Converts the output of Sapiens2ForImageMatting into alpha mattes and foreground maps.

post_process_normal_estimation

< >

( outputs: Sapiens2NormalEstimatorOutput source_sizes: transformers.utils.generic.TensorType | list[tuple[int, int]] | None = None target_sizes: transformers.utils.generic.TensorType | list[tuple[int, int]] | None = None do_remove_padding: bool | None = None )

Parameters

  • outputs (Sapiens2NormalEstimatorOutput) — Raw outputs of the model.
  • source_sizes (torch.Tensor or list[tuple[int, int]] of length batch_size, optional) — Original (height, width) of each image before preprocessing. When provided, the padding added during preprocessing is removed and predictions are resized back to the original image size (unless target_sizes overrides the final size).
  • target_sizes (torch.Tensor or list[tuple[int, int]] of length batch_size, optional) — Requested final (height, width) for each prediction. When provided, used as the resize target instead of source_sizes. Resized with bilinear interpolation after L2 normalization.
  • do_remove_padding (bool, optional) — Whether to crop away the zero-padding added during preprocessing before resizing. Defaults to True when source_sizes is provided, False otherwise.

Converts the output of Sapiens2ForNormalEstimation into L2-normalized surface normal maps.

post_process_pointmap_estimation

< >

( outputs: Sapiens2PointmapEstimatorOutput source_sizes: transformers.utils.generic.TensorType | list[tuple[int, int]] | None = None target_sizes: transformers.utils.generic.TensorType | list[tuple[int, int]] | None = None do_remove_padding: bool | None = None )

Parameters

  • outputs (Sapiens2PointmapEstimatorOutput) — Raw outputs of the model.
  • source_sizes (torch.Tensor or list[tuple[int, int]] of length batch_size, optional) — Original (height, width) of each image before preprocessing. When provided, the padding added during preprocessing is removed and predictions are resized back to the original image size (unless target_sizes overrides the final size).
  • target_sizes (torch.Tensor or list[tuple[int, int]] of length batch_size, optional) — Requested final (height, width) for each prediction. Overrides source_sizes as the resize target.
  • do_remove_padding (bool, optional) — Whether to crop away the zero-padding added during preprocessing before resizing. Defaults to True when source_sizes is provided, False otherwise.

Converts the output of Sapiens2ForPointmapEstimation into pointmap tensors in image space.

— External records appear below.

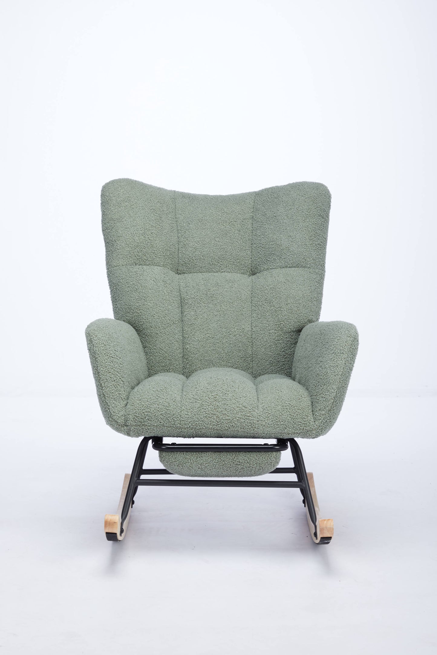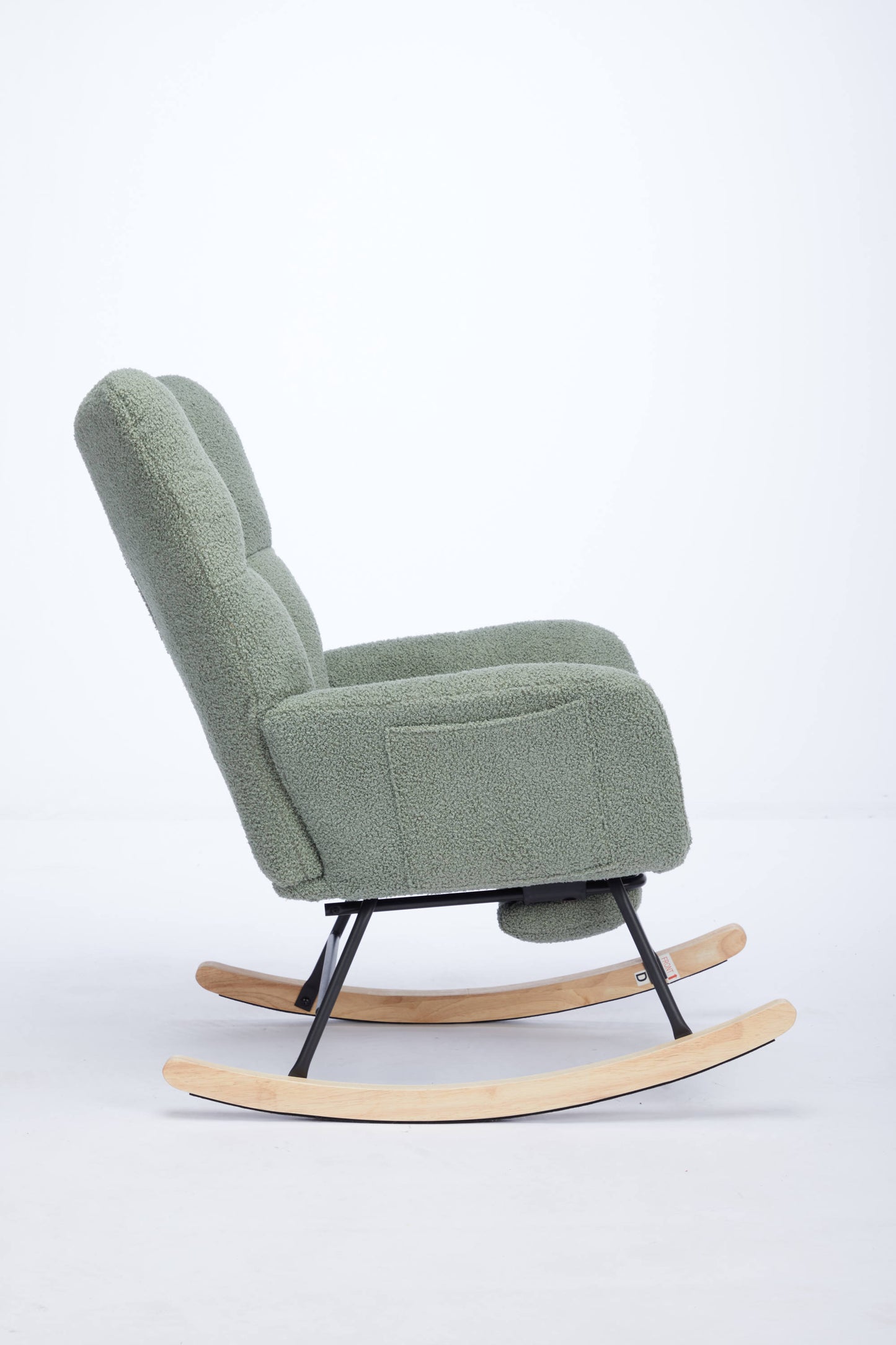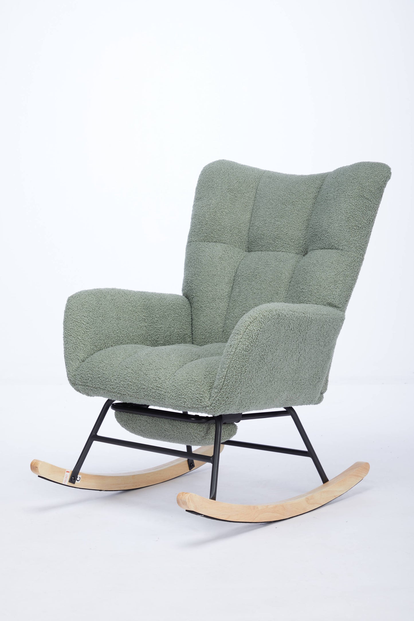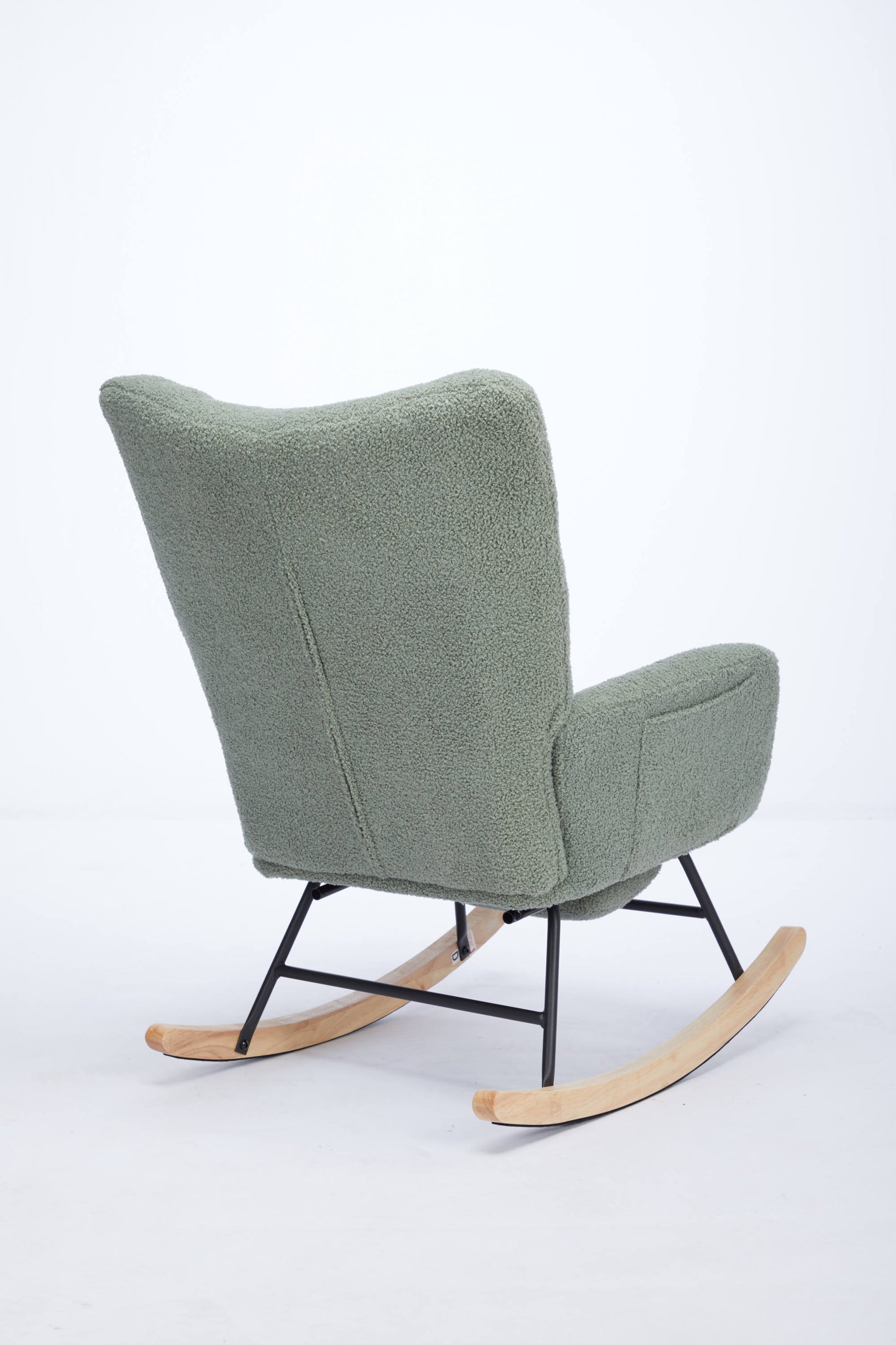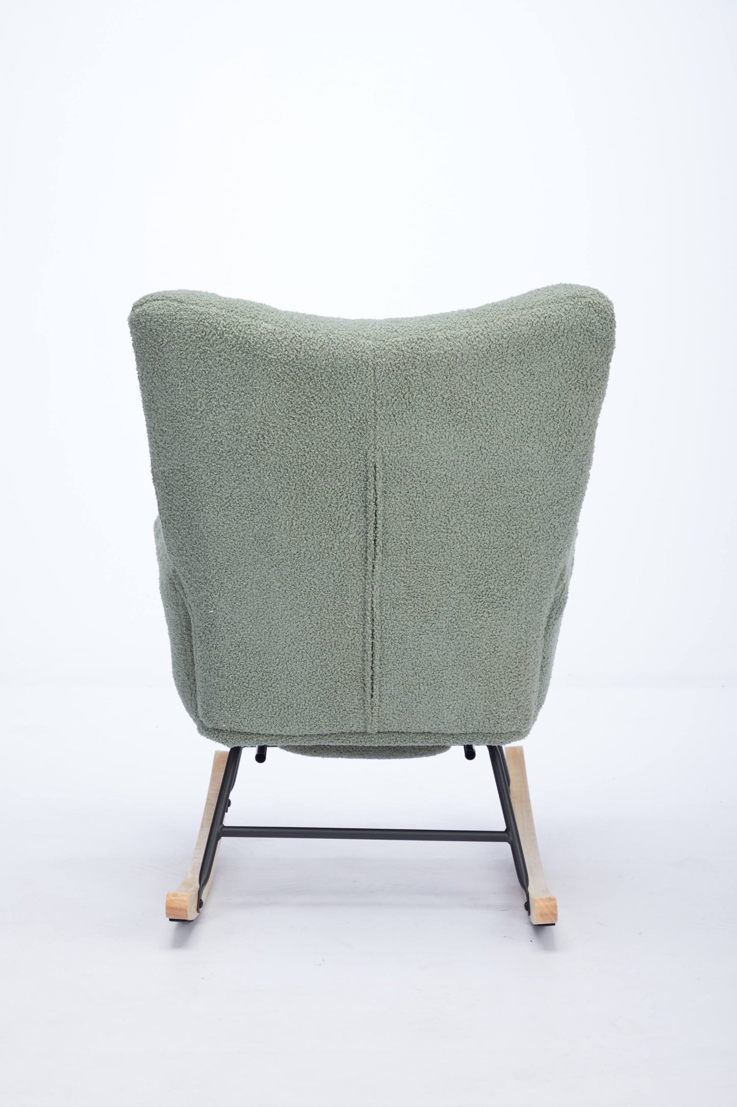 Modern Nursery Rocking Chair, Upholstered Glider Chair with High Backrest, Rocker Accent Armchair with Solid Wood Legs for Nursery Bedroom Living Room GREEN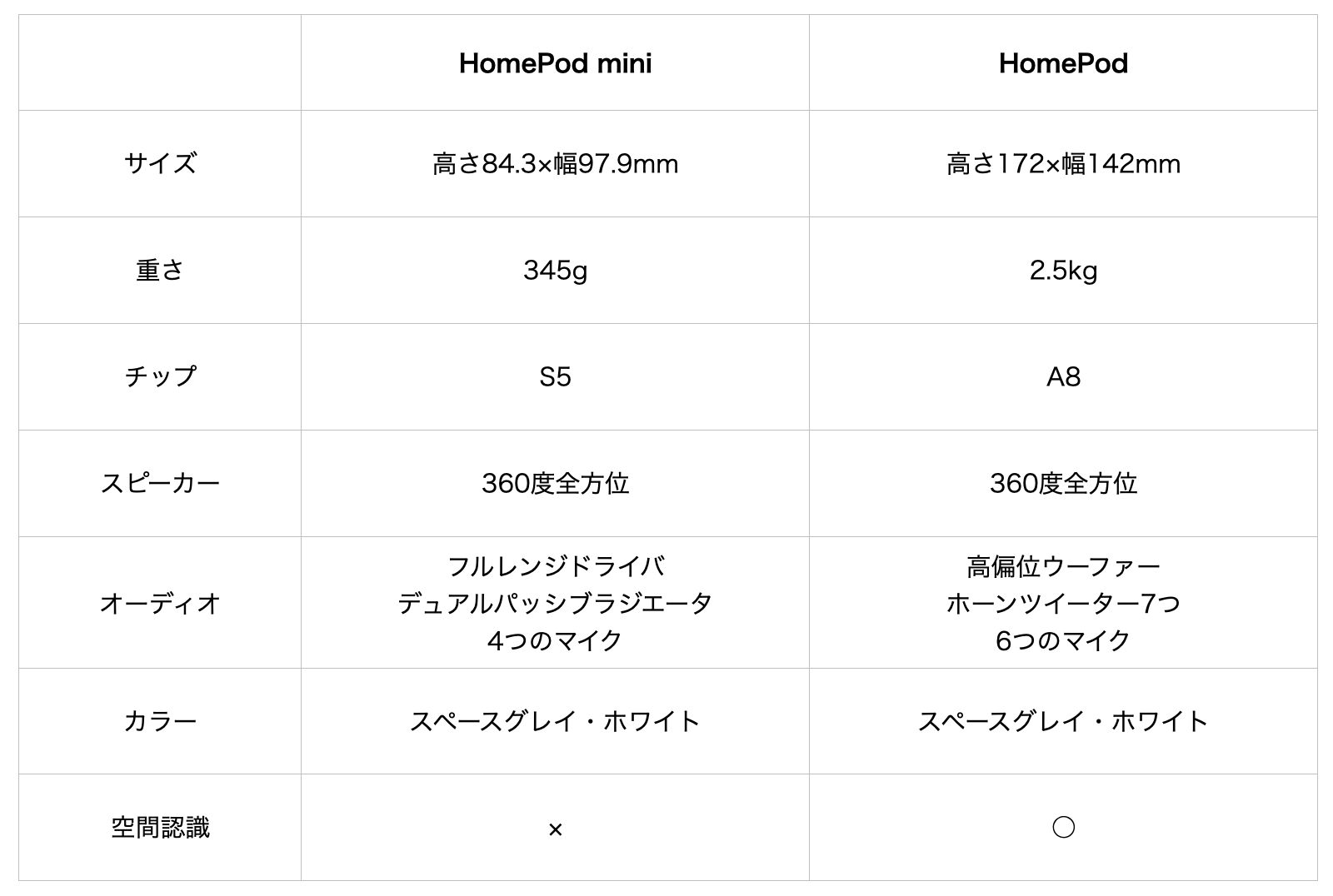 HomePodスペック比較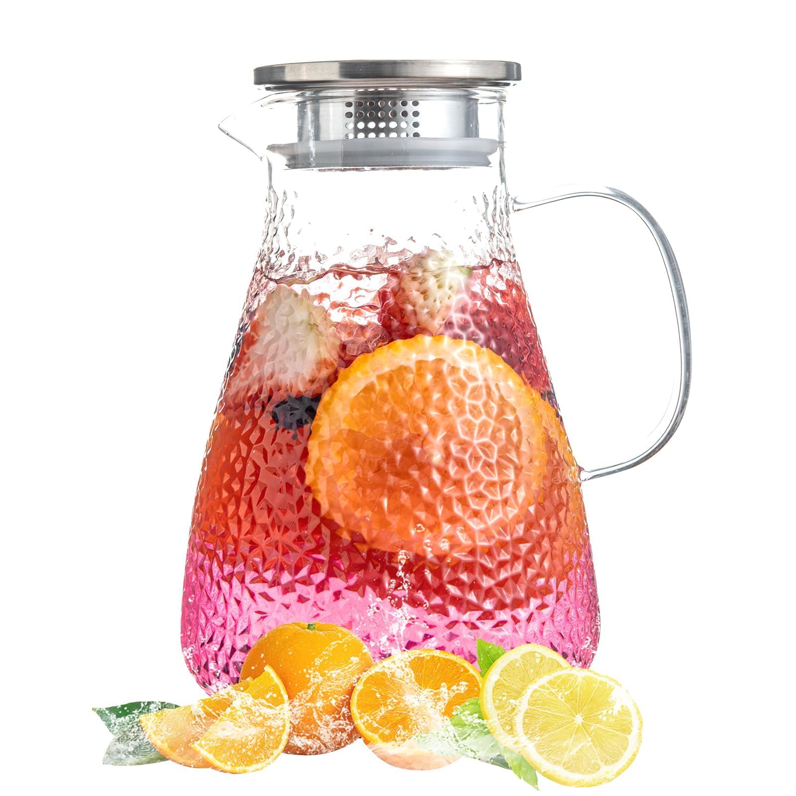MRZIKPO 2.0 Liter 68 oz Glass Pitcher with Lid and Spout, Glass Carafe for Hot/Cold Water, Large Iced Tea Pitcher for Coffee, Milk,Juice and Homemade Beverage,Iced Coffee, and Container for Drinks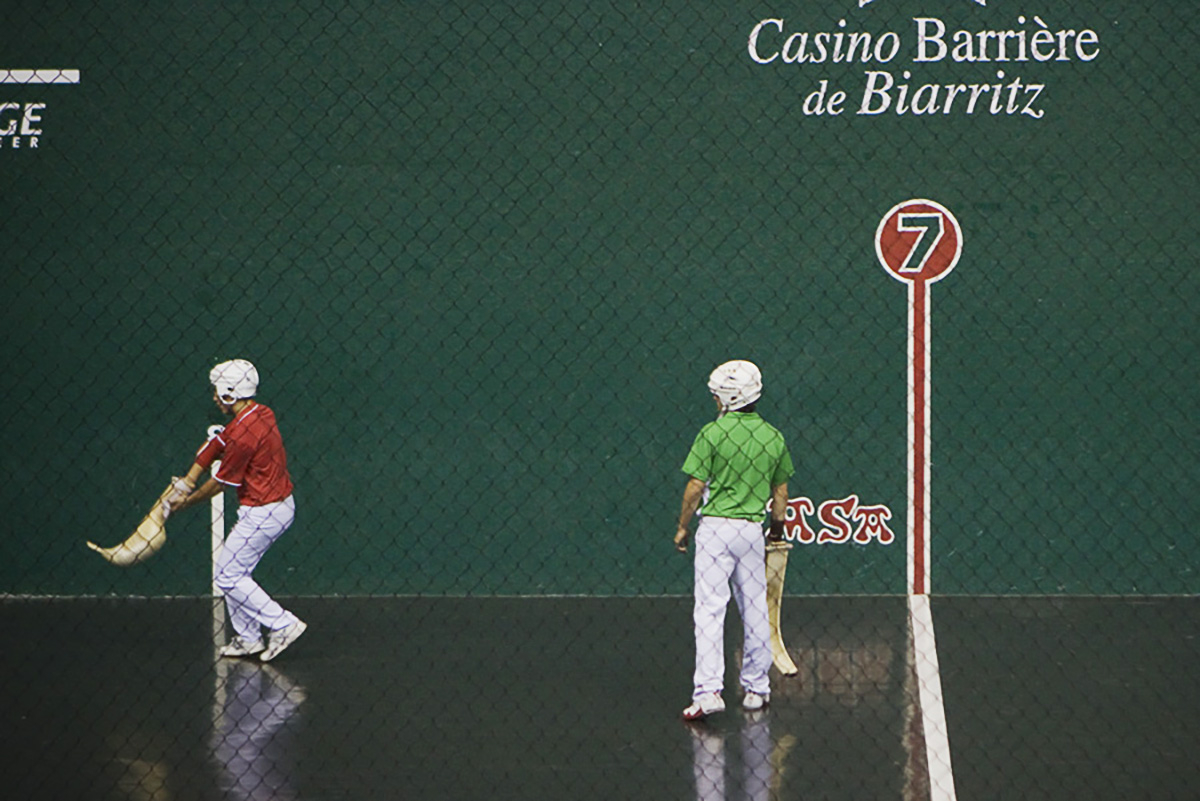 Ce jeu exige un effort total et violent. Il consiste à renvoyer contre le fronton la pelote servie par l’adversaire, en la prenant soit à la volée, soit après un rebond. Aussi dure que la pierre (et je confirme, après mon « baptême basque » qui consiste à être « tapé » par une pelote à l’entrée sur le fronton), la pelote atteint la vitesse de 300km/h, ricochant sur les murs du côté et du fond.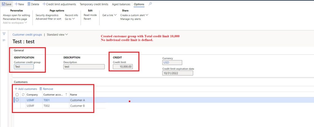 Added customer A and B to Test group, which means both will have shared limit of 10,000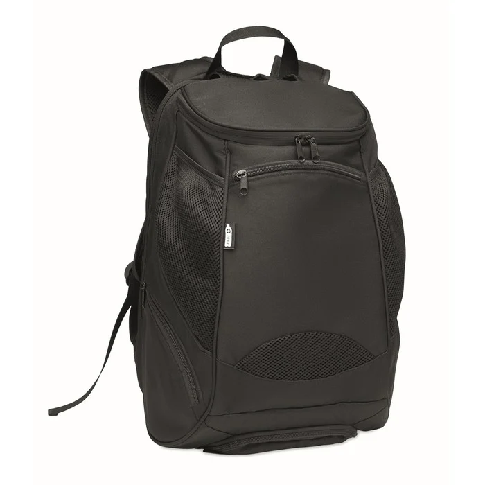 Backpack with the front in high reflective polyester with zippered outside pocket and for comfort a padded back section in 600D polyester.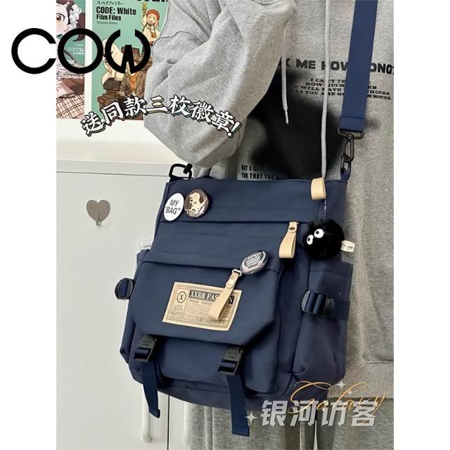 明明嚴選【24小時內發貨】【COW】日系ins潮流復古中性包學生上課補習手提袋百搭通...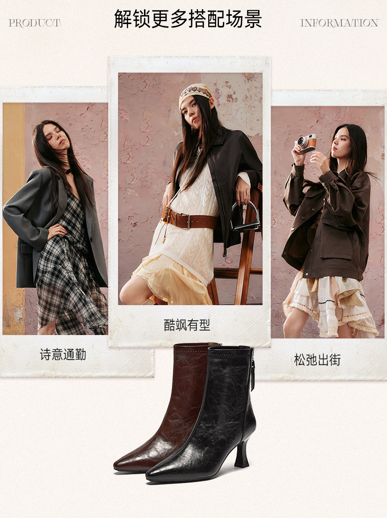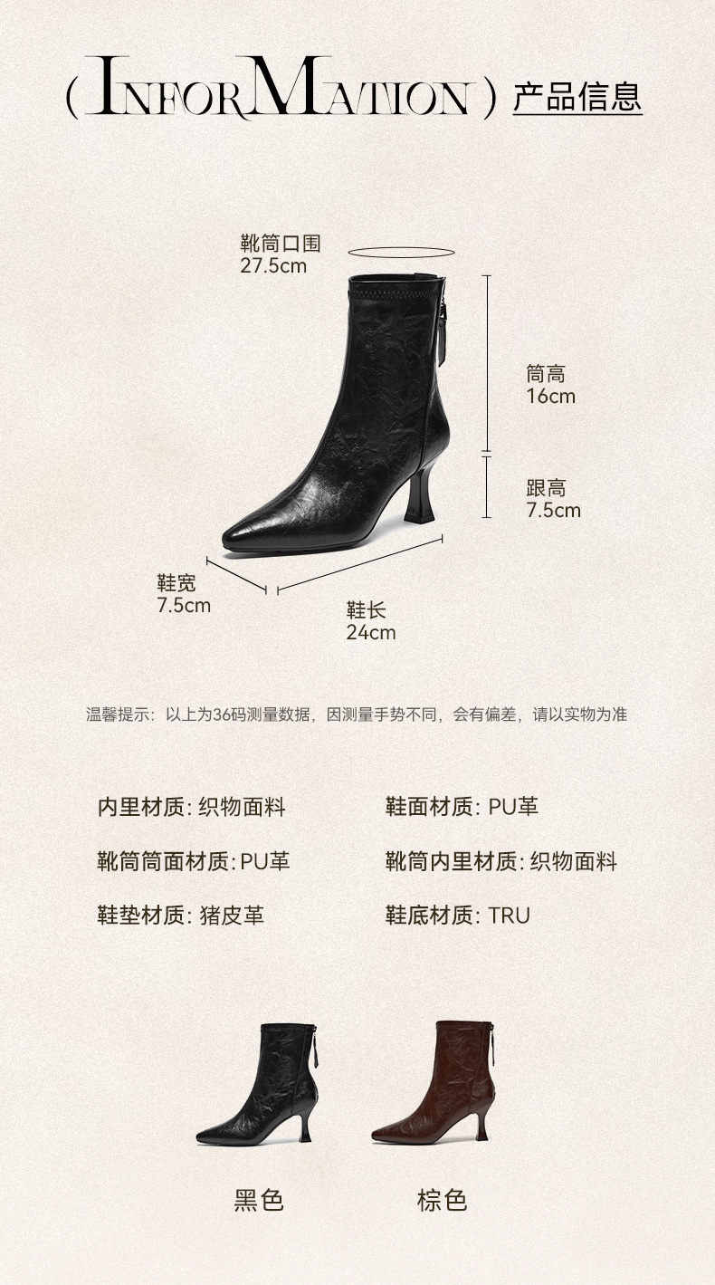 | 鞋底材质:TPU | 靴筒内里材质:织物面料 | 内增高:无 | 鞋面材质:PU革 | 闭合方式:后拉链 |

post_process_pose_estimation

< >

( outputs: Sapiens2PoseEstimatorOutput boxes: list outputs_flipped: transformers.models.sapiens2.modeling_sapiens2.Sapiens2PoseEstimatorOutput | None = None kernel_size: int = 11 threshold: float | None = None source_sizes: transformers.utils.generic.TensorType | list[tuple[int, int]] | None = None target_sizes: transformers.utils.generic.TensorType | list[tuple[int, int]] | None = None ) list[list[dict]]

Parameters

  • outputs (Sapiens2PoseEstimatorOutput) — Raw outputs of the model. outputs.heatmaps must have shape (N_total, num_keypoints, heatmap_height, heatmap_width) where N_total = sum(len(b) for b in boxes).
  • boxes (list[list[list[float]]] or np.ndarray) — List or array of bounding boxes for each image in absolute pixel coordinates. Each box should be a list of 4 floats representing the bounding box coordinates in COCO format (top_left_x, top_left_y, width, height). Must match the boxes argument passed to preprocess.
  • outputs_flipped (Sapiens2PoseEstimatorOutput, optional) — Outputs from running the model on horizontally flipped inputs. When provided, heatmaps are averaged with outputs before keypoint extraction to improve accuracy: avg_heatmaps = (outputs.heatmaps + outputs_flipped.heatmaps) / 2.
  • kernel_size (int, optional, defaults to 11) — Kernel size for the Gaussian blur used in UDP Dark Pose refinement.
  • threshold (float, optional) — Score threshold. Keypoints with scores at or below this value are filtered out from the result dictionaries.
  • source_sizes (torch.Tensor or list[tuple[int, int]] of length batch_size, optional) — Original (height, width) of each image in pixels. Required when target_sizes is provided, as the source coordinate space for scaling keypoints and bounding boxes.
  • target_sizes (torch.Tensor or list[tuple[int, int]] of length batch_size, optional) — Desired output (height, width) coordinate space for each image. When provided alongside source_sizes, keypoint coordinates and bounding boxes are scaled from source to target space.

Returns

list[list[dict]]

Outer list is over images, inner list is over persons. Each dict contains:

  • keypoints (torch.FloatTensor of shape (num_keypoints, 2)): absolut x/y coordinates in the source image space, or in target space if target_sizes is provided.
  • scores (torch.FloatTensor of shape (num_keypoints,)): per-keypoint confidence.
  • labels (torch.LongTensor of shape (num_keypoints,)): keypoint indices.
  • bbox (torch.FloatTensor of shape (4,)): bounding box in absolute (x_min, y_min, x_max, y_max) format, in the same coordinate space as keypoints.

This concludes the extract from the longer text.